◆ **Task to complete**
Quote from the first line below through the line that contains "Hoekbank sectioneel met", both included, and leave the pictures out.
'''
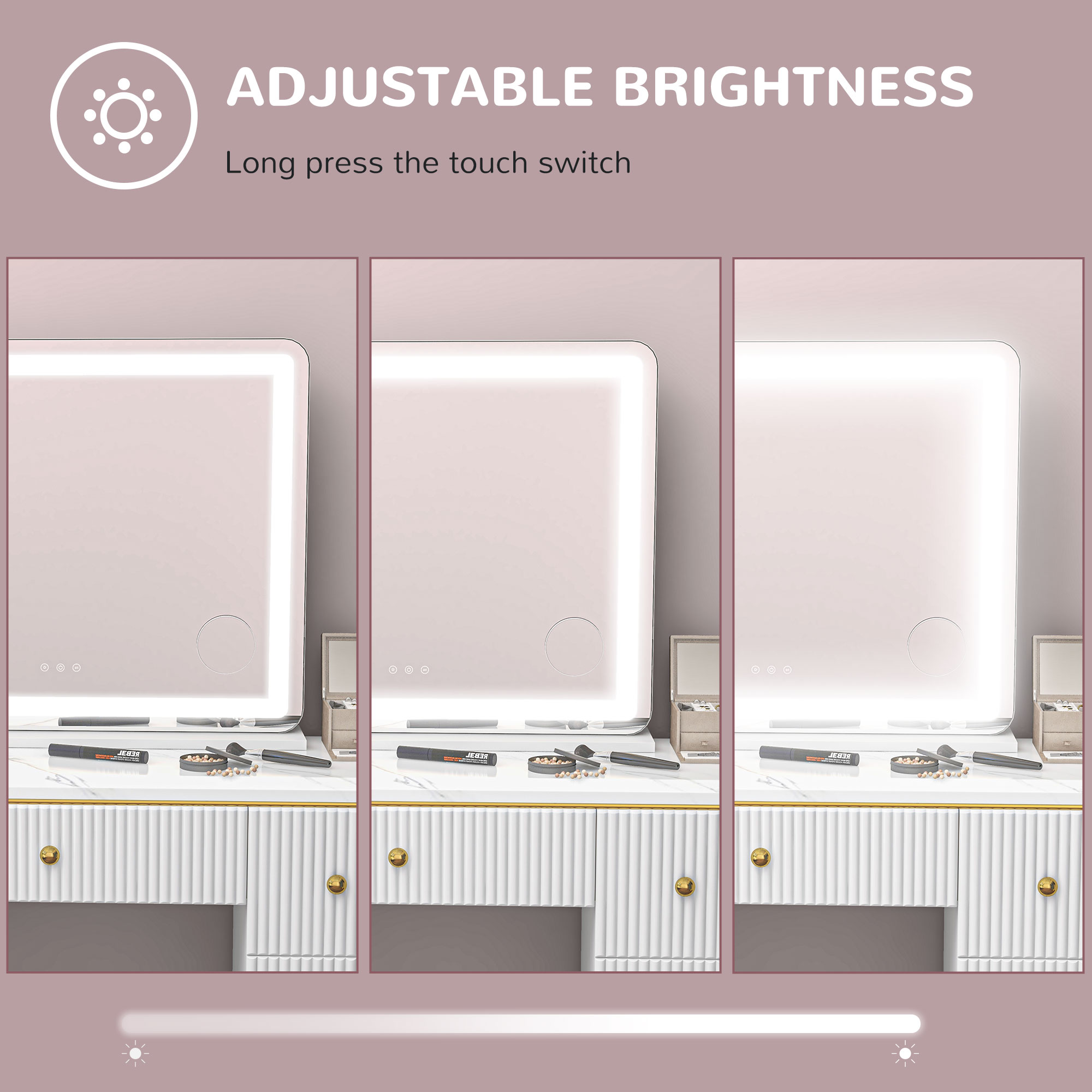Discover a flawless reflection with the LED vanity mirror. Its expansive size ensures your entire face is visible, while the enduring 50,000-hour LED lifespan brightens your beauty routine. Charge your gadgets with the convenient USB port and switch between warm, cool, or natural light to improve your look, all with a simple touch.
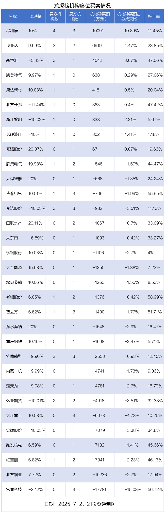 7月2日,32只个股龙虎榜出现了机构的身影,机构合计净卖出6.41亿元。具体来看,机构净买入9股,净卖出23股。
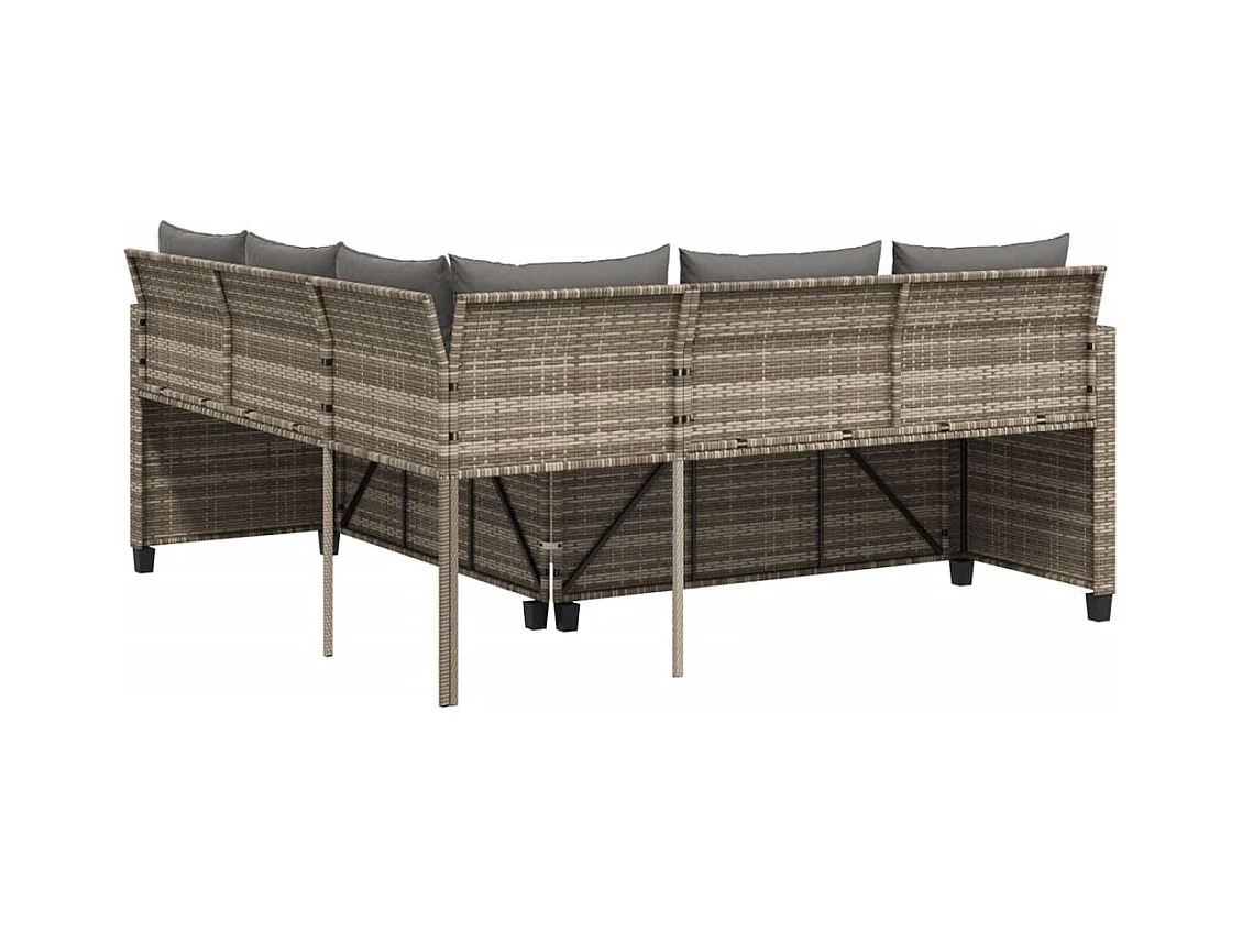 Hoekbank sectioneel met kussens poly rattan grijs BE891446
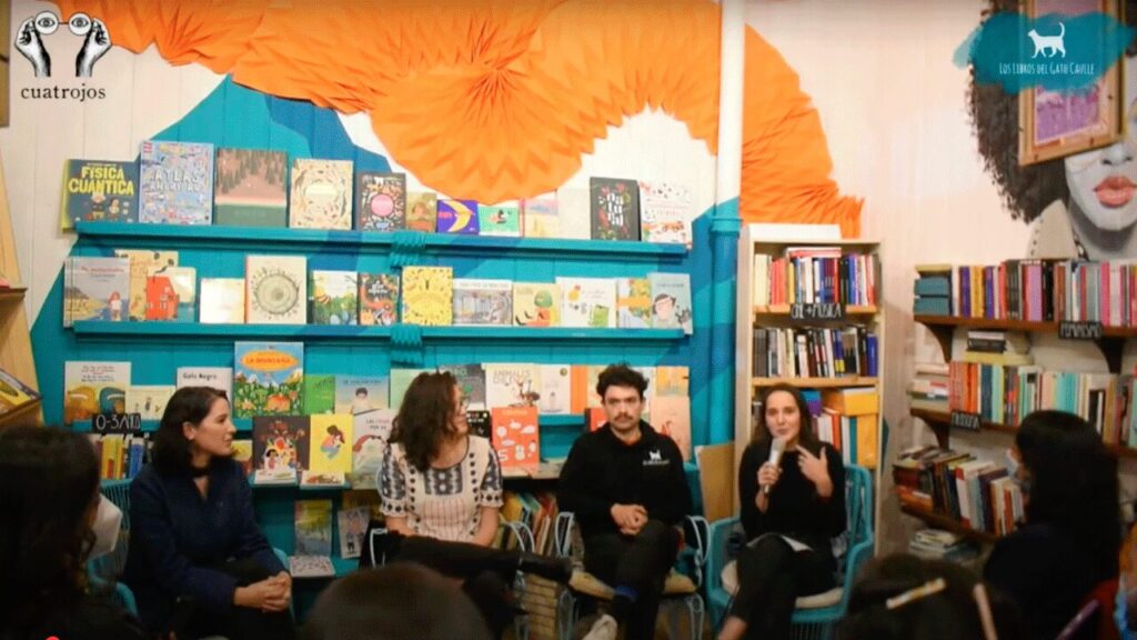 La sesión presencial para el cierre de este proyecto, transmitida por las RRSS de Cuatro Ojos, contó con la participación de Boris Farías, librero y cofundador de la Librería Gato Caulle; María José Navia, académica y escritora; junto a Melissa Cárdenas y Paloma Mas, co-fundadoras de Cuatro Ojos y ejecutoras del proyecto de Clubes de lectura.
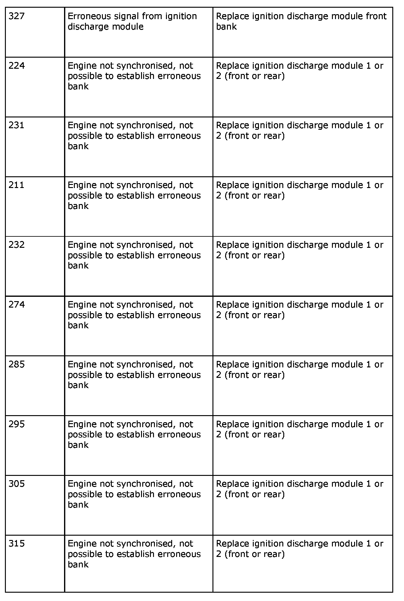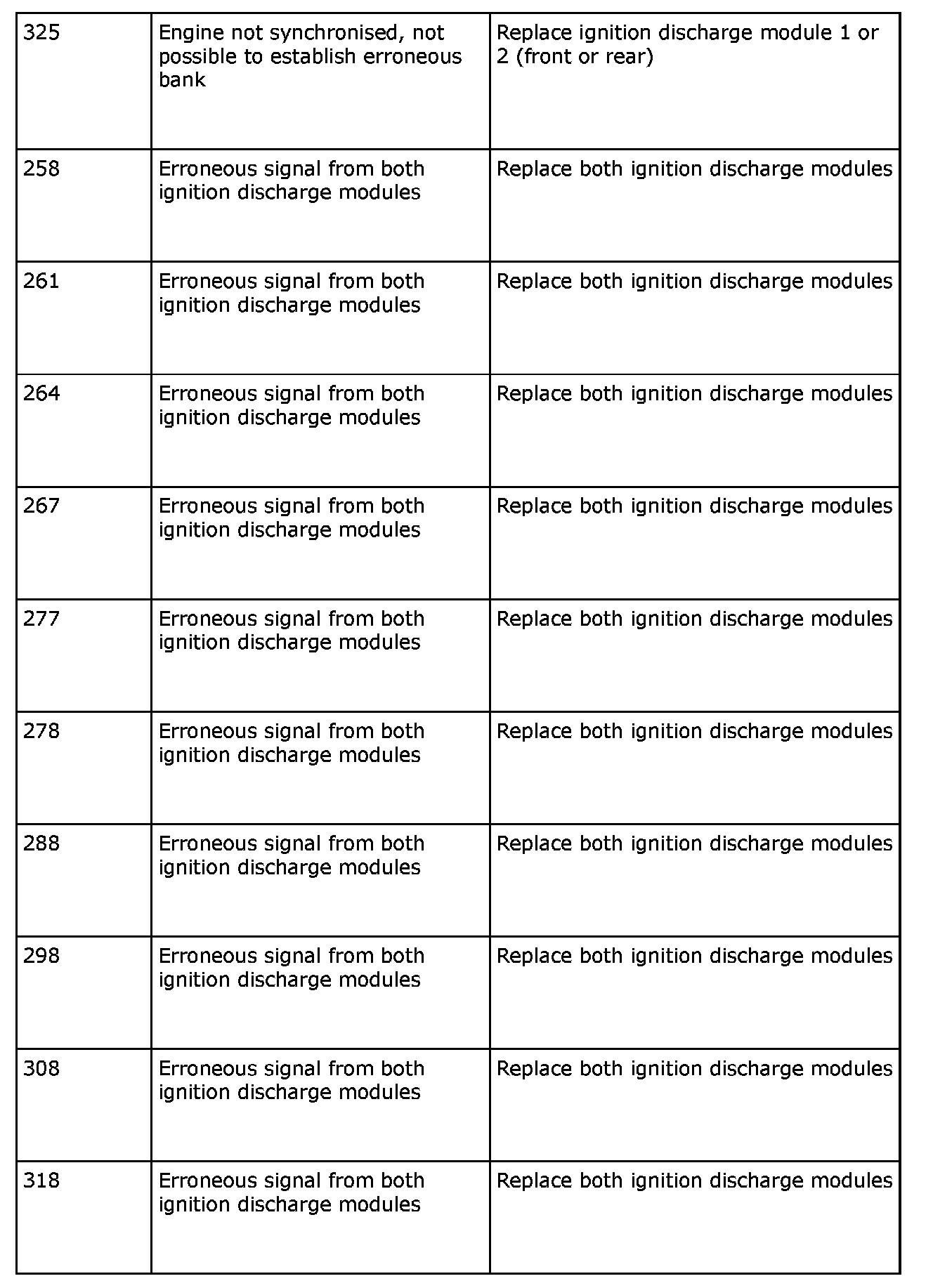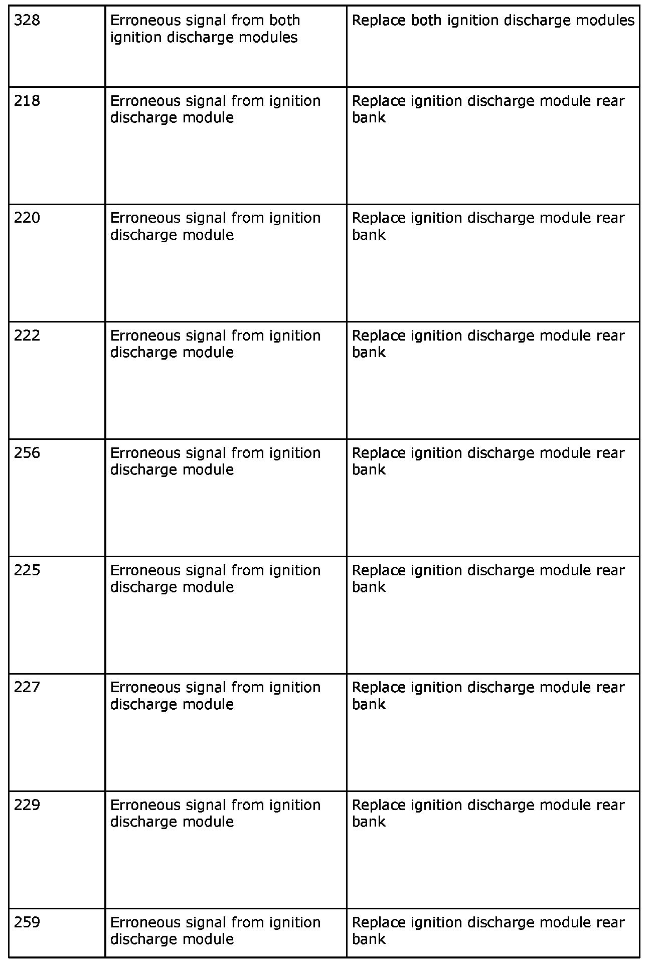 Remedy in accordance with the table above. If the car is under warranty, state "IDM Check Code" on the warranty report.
'''
◆ **Output for this exercise**
Discover a flawless reflection with the LED vanity mirror. Its expansive size ensures your entire face is visible, while the enduring 50,000-hour LED lifespan brightens your beauty routine. Charge your gadgets with the convenient USB port and switch between warm, cool, or natural light to improve your look, all with a simple touch.
 7月2日,32只个股龙虎榜出现了机构的身影,机构合计净卖出6.41亿元。具体来看,机构净买入9股,净卖出23股。
 Hoekbank sectioneel met kussens poly rattan grijs BE891446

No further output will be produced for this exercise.